The specific network structure is described in previous work [9]. We therefore only cover it in brief. Figure 4 illustrates the network layout. The encoder begins with extracting image features using a modified version of the Aligned Xception network. This version deepens the model and replaces all max-pooling layers with depthwise separable convolutions which significantly reduces the number of trainable weights compared to the original Xception model. The resulting feature extractor has 69 layers (including residual connection layers [15]). The output feature map has 2048 channels and is used to form the Atrous Spatial Pyramid. Three \(3\times 3\times 2048\) Atrous Convolutions with three different strides are used together with one \(1\times 1\times 2048\) convolution filter and one pooling layer. The combined output has five channels, one for each of the filters in the pyramid. The encoder then combines the channels into a one channel encoder output by applying a \(1\times 1\times 5\) filter. This final output map is eight times smaller than the input image.

Fig. 4.
figure 4

Illustration of the semantic segmentation network.

Table 1. DeepLabv3+ settings

The decoder up-samples the encoder output by a factor eight such that its size matches that of the input image. It starts by taking out one of the low-level feature maps from the Xception network, after the input image’s size has been reduced four times, and applies a \(1\times 1\times n\) filter to collapse it into one channel (where n is the number of channels in the feature map). Then the encoder output feature map is bi-linearly up-sampled by a factor of four and concatenated together with the Xception feature map. A \(3\times 3\) depthwise separable convolution is applied to the now two channel map which reduces it into one channel, and the result is upsampled four times to match the size of the input image. This result is the predicted semantic segmentation image.

Implementation. We adapted the DeepLabv3+ TensorFlow-based implementationFootnote 2 by Chen et al. [9] to train on our dataset.
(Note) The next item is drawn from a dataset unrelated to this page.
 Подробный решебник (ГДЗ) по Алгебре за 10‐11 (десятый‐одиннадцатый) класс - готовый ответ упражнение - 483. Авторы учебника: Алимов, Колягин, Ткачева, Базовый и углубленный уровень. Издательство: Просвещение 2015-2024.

The Xception network is pre-trained on ImageNet [11, 25] and the DeepLabv3+ network is pre-trained on the PASCAL VOC 2012 dataset [13]. Table 1 records our model settings.

3 Experiments and Results

We conducted three individual experiments. First, we tested the model on the 264 rendered images in our validation set. These images had never before been “seen” by the segmentation network but contained the same kind of objects as those in the training set. Second, we rendered a test set of 300 images with the same four materials but with new shapes that are not present in the training or validation set. The network’s performance on this test set indicates whether it learned to distinguish physical appearance or if it somehow gets biased on object geometry. Third, we tested the model’s performance on photographed real objects made of one of the four materials. This experiment investigated if the network can generalize from rendered images to actual photographs.

All components of our experimental setup are produced with off-the-shelf components. We use an open source rendering tool to produce our synthetic image data and use non-specific and straightforward geometry for our scenes. Floor textures and environment maps are downloaded from HDRI HavenFootnote 3 with gratitude. The TensorFlow Github (See footnote 2) kindly made the segmentation network available.
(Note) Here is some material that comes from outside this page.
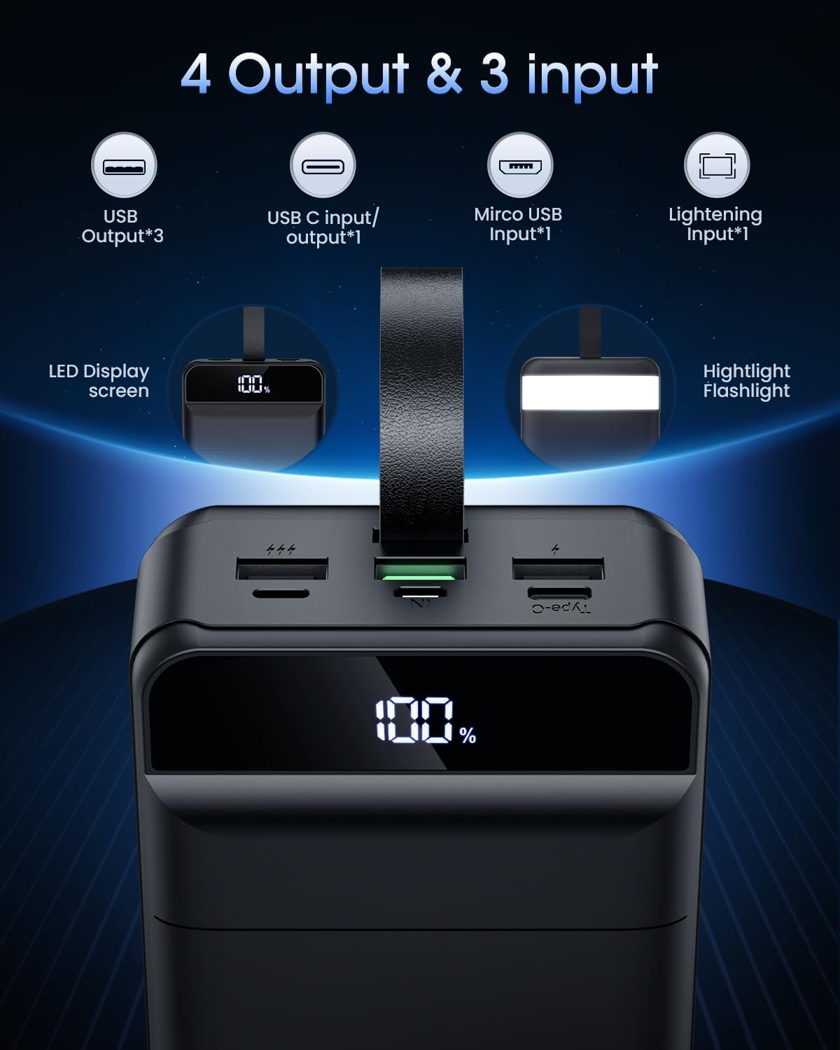 Digital Display and Flashlight:60000mAh power bank with LED digital display show exact percentage of the remaining power of the portable battery bank and the battery pack also equipped with flashlight. It is travel or hurricane essential for camping etc

In general, our predictions show promising results. The mean Intersection Over Union (mIOU) score is used to indicate the performance on the rendered datasets. The validation set yielded an mIOU score of 95.69%, and the test set yielded 94.90%. The score is not computed for the real images since we did not have the ground truth semantic segmentations for these images. The scores indicate that the network is relatively good at predicting labels and that it seems not to be dependent on the shapes of the objects.

The following paragraphs showcase examples and discuss results from our three studies.
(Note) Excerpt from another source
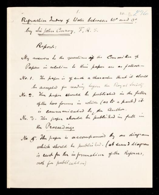 George Carey Foster, Referee's report by George Carey Foster, on a paper 'On the refractive index of water at temperatures between 0° and 10°' by John Conroy, 20 June 1895, RR/12/296, The Royal Society Archives, London, https://makingscience.royalsociety.org/items/rr_12_296/referees-report-by-george-carey-foster-on-a-paper-on-the-refractive-index-of-water-at-temperatures-between-0-and-10-by-john-conroy, accessed on 17 November 2025

Validation Set. Figure 5 exhibits predicted segmentation masks from images in the validation set. We observe that the prediction is surprisingly good, even for difficult materials such as glass and chrome. The networks ability to distinguish these kinds of objects is impressive, as the objects are not as such directly visible but instead reveal their presence by distorting light coming from the environment. The segmentation is, however, not perfect. Segmentation labels tend to “bleed” into each other when objects touch. This effect is seen in the middle row of Fig. 5. As seen in the bottom row, some environment maps caused over-saturation of the chrome material at certain view angles which caused the network to identify the material as white ceramic. Small objects and thin structures are difficult to segment and apt to disappear in the predictions.

Fig. 5.
figure 5

Examples of segmentation results obtained on the validation set.

Test Set. The network’s performance on the test set, with never before seen objects, are shown in Fig. 6. We observe that the performance is on par with that observed on the validation set in Fig. 5. This indicates that the material predictions are independent of object shape.

Fig. 6.
figure 6

Examples of segmentation results obtained on the test set.

Real Images. Beyond the rendered test set, we captured three real images to test if the network can generalize to this data. Note that we do not have ground truth for these images, so the evaluation is solely by visual inspection. Results obtained on real images are in Fig. 7. Keeping in mind that we trained the network for material segmentation only on rendered images, we find the results to be rather convincing. They are not perfect, but they are promising for the future potential of training networks with synthetic images in general and for material segmentation in particular.

Fig. 7.
figure 7

Examples of segmentation results obtained from real images.

The network found the glass objects with a good segmentation border, despite them being difficult to see with the human eye. Both chrome and plastic were segmented but with a few misclassified pixels as seen in the predicted images. The ceramic material seems to be the most difficult, and we suspect this is a result of our training data. Even though we rendered with a rather large number of samples per pixel, the images seem not to be fully converged and therefore do not reveal all specular highlights. Missing specular highlights is primarily an issue for the appearance of the ceramic material. Through further testing with real images, we also noted that the performance is highly dependent on the background. Non-textured surfaces, such as an office desk, confuse the network, which mistakes them for a specular material, often chrome, plastic, or glass. Additionally, the segmentation fails if the background is white, which we also believe to be an artifact of the too diffuse ceramic material.

The synthetic data could be improved in multiple ways. The materials we render are perhaps too “perfect” in their appearance. Adding random impurities, such as small scratches or bumps, to the materials would give a more realistic appearance. The environment maps are approximately 1k in resolution, resulting in a blurry background which gives a clear distinction between foreground objects and background. Real images with an in-focus background consequently result in predictions on this background. Thus, we believe higher resolution environment maps can help the network better distinguish between foreground and background in real photos. Finally, it is problematic that our included materials can occur in the environment maps without being labeled, which could hamper the network. This problem could potentially be mitigated either by making sure the environment maps are devoid of the targeted materials or by also generating those synthetically with material labels. Despite these current issues, we believe that the results of our study deliver a solid proof of concept with promising potentials for future work within semantic segmentation of complex materials.

4 Conclusion

We targeted the problem of segmenting materials in images based on their appearance. We presented a data-driven approach utilizing recent deep learning technology and rendering techniques to train a model on synthetic images. The learned model generalizes well to real photographs. The method allows us to detect specific materials in three channel color images without multi-spectral information. We achieved this feat using open source software which is freely available and requires no exceptional hardware components. Thus, the approach is available to anybody with a computer and a modern graphics card. Based on our results, and on the previous work that also uses synthetic training data, we firmly believe that physically based rendering is a vital component in the training of the deep learning models of tomorrow. Synthetic data generation is likely to push the boundaries of what deep learning can achieve even further.